Research output: Contribution to journalArticlepeer-review

24 Scopus citations

Abstract

Ca2+-regulated motility is essential to numerous cellular functions, including muscle contraction. Systems with troponin C, myosin light chain, or calmodulin as the Ca2+ receptor have evolved in striated muscle and other types of cells to transduce the cytoplasm Ca2+ signals into allosteric conformational changes of contractile proteins. While these Ca2+ receptors are homologous proteins, their coupling to the responding elements is quite different in various cell types. The Ca2+ regulatory system in vertebrate striated muscle represents a highly specialized such signal transduction pathway consisting of the troponin complex and tropomyosin associated with the actin filament. To understand the molecular mechanism in the Ca2+ regulation of muscle contraction and cell motility, we have revealed a preserved ancestral close linkage between the genes encoding two of the troponin subunits, troponin I and troponin T, in the genome of mouse.
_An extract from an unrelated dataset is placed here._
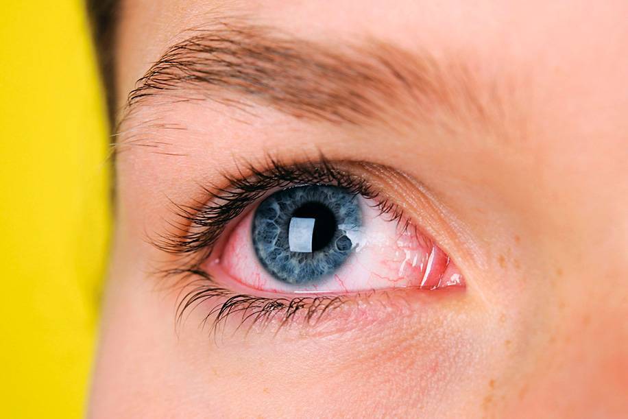 - Осмотреть покрасневший глаз, бережно оттягивая веки.

The data suggest that the troponin I and troponin T genes may have originated from a single locus and evolved in parallel to encode a striated muscle-specific adapter to couple the Ca2+ receptor, troponin C, to the actin-myosin contractile machinery. This hypothesis views the three troponin subunits as two structure-function domains: the Ca2+ receptor and the signal transducing adapter. This model may help to further our understanding of the Ca2+ regulation of muscle contraction and the structure-function relationship of other potential adapter proteins which are converged to constitute the Ca2+ signal transduction pathways governing non-muscle cell motility.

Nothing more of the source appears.